I have this V6.16b register : 0a,0b,0c,0d,0e,0f,07,08,0a,0b,0c,0d,0e,0f,07,08
and the goal is : ab,cd,ef,78,ab,cd,ef,78
I did it like this :
movi v7.8h, 0x04 // 04,00,04,00,04,00,04,00,04,00,04,00,04,00,04,00
ushl v6.16b, v6.16b, v7.16b // a0,0b,c0,0d,e0,0f,70,08,a0,0b,c0,0d,e0,0f,70,08
movi v8.8h, 0xf8 // f8,00,f8,00,f8,00,f8,00,f8,00,f8,00,f8,00,f8,00
ushl v10.8h, v6.8h, v8.8h // 0b,00,0d,00,0f,00,08,00,0b,00,0d,00,0f,00,08,00
orr v10.16b, v10.16b, v6.16b // ab,0b,cd,0d,ef,0f,78,08,ab,0b,cd,0d,ef,0f,78,08
mov v10.b[1], v10.b[2]
mov v10.b[2], v10.b[4]
mov v10.b[3], v10.b[6]
mov v10.b[4], v10.b[8]
mov v10.b[5], v10.b[10]
mov v10.b[6], v10.b[12]
mov v10.b[7], v10.b[14] // ab,cd,ef,78,ab,cd,ef,78,ab,0b,cd,0d,ef,0f,78,08
It works, but is there a way to do it with fewer instructions? (in particular the mov)

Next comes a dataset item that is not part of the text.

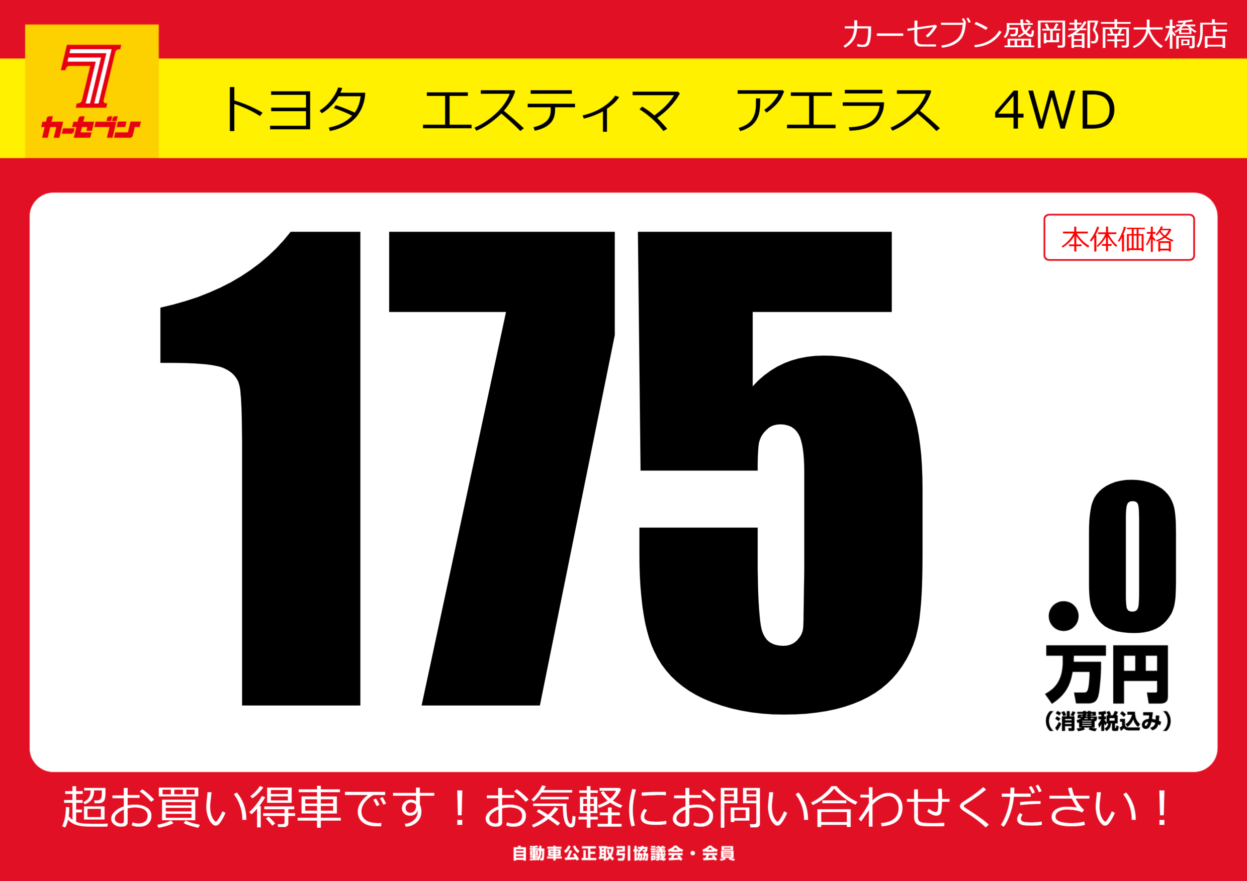 | 車名 | トヨタ エスティマ アエラス 4WD | グレード ミッション 排気量 |

So you have zero-extended nibbles unpacked in big-endian order to pack into bytes?
Like for strtol for hex -> integer, after some initial processing to map ASCII hex digits to the integer digits they represent.
For your original setup where you want to pack bytes from the even positions, UZP1, but you can optimize the shift/orr step as well.
Instead of the first block of 2x ushl + orr, maybe shl v10.8h, v6.8h, #12 / orr to get the bytes you want in the odd elements, garbage (unmodified) in the even elements. (Counting from 0, the 0a element since I think you're writing your vectors in least-significant-first order where wider left shifts move data to the right across byte boundaries). Or better, sli v6.8h, v6.8h, #12 (Shift-Left and Insert, where bits keep their original values in the positions where the left shift created zeros.)
For the packing step, UZP2 should work to take the odd-numbered vector elements (starting with 1) and pack them down into the low 8 bytes. (Repeated in the high 8 bytes if you use the same vector as both source operands.)
// produces the same result as all your code
// in the bottom 8 bytes of v10
sli v6.8h, v6.8h, #12 //a0,ab,c0,cd,e0,ef,70,78, a0,ab,c0,cd,e0,0f,70,78
uzp2 v10.16b, v6.16b, v6.16b //ab,cd,ef,78,ab,cd,0f,78, ab,cd,ef,78,ab,cd,0f,78
// rev64 v10.8b, v10.8b // if you want a uint64_t in proper order
(I notice you have an e0 byte. (0xe0 as u16) << 12 shifts out the bit to become 0, if that wasn't a typo for 0x0e)
This leaves your data in big-endian byte order if that was the order across pairs of nibbles. You might need a byte-shuffle tbl instead or uzp2 to reverse the order into a uint64_t while packing. Or if you're only doing this for one number at a time (so loading a shuffle-control constant would take another instruction that can't be hoisted out of a loop) perhaps rev64 v10.8b, v10.8b after uzp2. Or rev64 with v10.16b to do two u64 integers in two halves of the vector.
For packing pairs of bytes, shift-right and accumulate usra by #4 can also do that in one instruction (shift and accumulate), since ORR, ADD, and insert are equivalent when the set bits don't overlap. But it would give you 0xba not 0xab, shifting the second byte down to become the high half of a u8. rev16 + usra would work, but shl + orr is also 2 instructions and probably cheaper, probably running on more execution units on at least some CPUs. And sli is even better, thanks @fuz.
There is no usla. A multiply-accumulate could be used with a power-of-2 multiplier, but might be slower on some CPUs than shl + orr and would require a vector constant. And certainly worse than sli.